The Dezomi-shiki or New Year’s Parade of Firemen is a fun way to celebrate New Year’s in Tokyo with thrilling acrobatic performances and a spectacular historical reconstitution of Edo period fire-fighters in action. The event features a parade of over 100 vehicles and helicopters from the Tokyo Metropolitan Fire Department, large-scale fire-fighting and emergency drills and various spectacular performances including a display of death-defying ladder stunts, which pay homage to the tradition of Edo period firemen.

Official Website

8-22 January 2017

Event: Sumo Hatsu Basho (Opening Tournament)
Location: Ryogoku Kokugikan, Tokyo

The first sumo tournament of the New Year starts in Tokyo and is always keenly anticipated.

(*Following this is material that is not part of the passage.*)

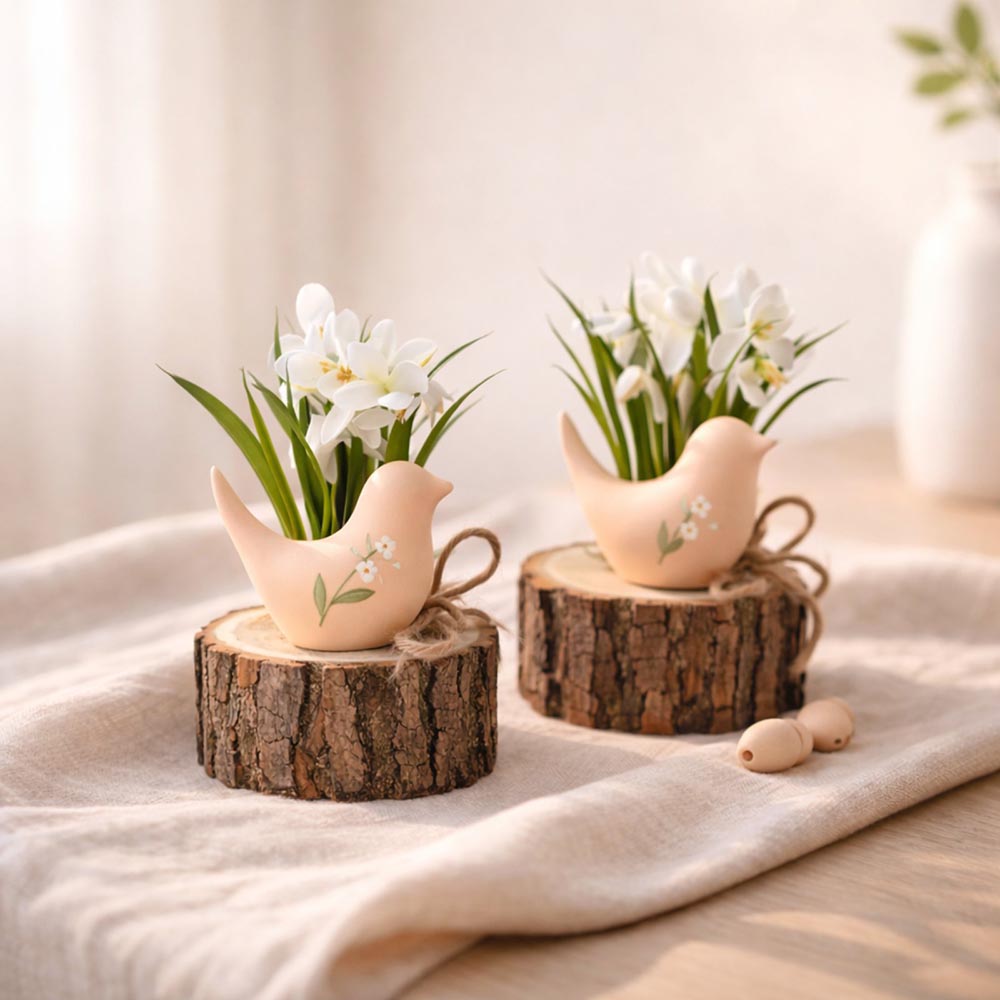 Ez a tavaszi asztaldísz hóvirággal a természet ébredésének finom hangulatát hozza el otthonodba. A dekoráció alapját egy natúr fakorong adja, amelybe egy apró nyílásban kap helyet a gondosan elrendezett mű hóvirág. A fakorong szélén elhelyezett kis madárka kedves, tavaszias részletként teszi teljessé az összhatást.

All eyes will be on Japanese rikishi, Shodai after he received his first promotion to sumo’s third highest rank of Sekiwake for this tournament. The young wrestler from Kumamoto is a rising star and has quickly climbed the ranks of sumo’s elite.

9 January 2017

Event: Seijin no Hi (Coming of Age Day)
National Holiday

Coming of Age Day or Seijin no Hi is a special ceremony held on the second Monday of January for boys and girls who will reach the age of 20. It marks the rite of passage into adulthood for 20-year-olds in Japan. Twenty is considered the beginning of adulthood in Japan, and is the age when you can legally vote, drink and smoke. Girls in kimono and boys in suits or hakama will visit large shrines to celebrate. Special ‘Coming of Age’ ceremonies are also held at local city offices across the country to congratulate and encourage the new young adults.

15 January 2017

Event: Nozawa Fire Festival
Location: Nozawa Onsen Village, Nagano Prefecture
Time: 7:00 pm to 10:00 pm
Price of Admission: FREE

The Nozawa Fire Festival is a powerful and energetic winter festival held at the traditional Japanese onsen village of Nozawa Onsen in the Japan Alps of Nagano Prefecture. The festival features fire, snow and sake, as well as several parades and ceremonies in the village square. The highlight of the festival is the “fire-setting” battle, which features a large wooden shrine constructed specially for the occasion. The festival climaxes with a massive bonfire as the wooden shrine succumbs to the flames of the victors and is offered to the gods.

Official Website

15 January 2017

Event: Santera Mairi Festival
Location: Hida Furukawa
Time: Held during the evening
Price of Admission: FREE

The Santera Mairi Festival (three temple pilgrimage) is held in the beautiful small town of Hida Furukawa, which is just north of Hida Takayama in Gifu Prefecture. During the festival, 1000 candles line the Seto-gawa River creating a stunning landscape in combination with the snow. The candles called warosoku (Japanese candles) are a specialty of Hida Furukawa. There are also 40-50 ice sculpture candles made of snow which can be seen in the main streets of the old town.

Official Website

22, 23, 29, 30 January 2017

Event: Shirakawa-go Winter Illumination
Location: Shirakawa-go Village, Gifu Prefecture
Time: 17:30 – 19:30
Price of Admission: FREE

Shirakawa-go in Gifu Prefecture, is a UNESCO World Heritage Site famous for its gassho zukuri farmhouses. This place has been famous for years due to its steeply slanting thatched roof farmhouses, which look just like two hands joined together in prayer. The beauty of the village is raised to an even higher level when the houses are lit up in the snow during winter. Spotlights illuminate the snow-covered thatched roofs and surrounding grounds, which makes the village look like a magical winter wonderland straight out of a fairy tale.

Official Website

25 January 2017

Event: Wakakusa Yamayaki Festival
Location: Nara City, Nara Prefecture
Time: Times vary according to the event
Price of Admission: FREE

Originating in the 18th century, the burning of Mount Wakakusa is one of Japan’s most spectacular festivals. It is held on the fourth Saturday of January, with the mountain being set alight by fire, while simultaneously fireworks light up the sky. It is believed to have started over a boundary dispute between Kofuku-ji Temple and Todai-ji Temple in Nara. The festival starts with a torch being lit with sacred fire at Kasuga Taisha Shrine. The fire is carried by Buddhist monks to a small shrine at the foot of the mountain. Then, the mountain is set alight by members of Kofuku-ji, Todai-ji and Kasuga Taisha.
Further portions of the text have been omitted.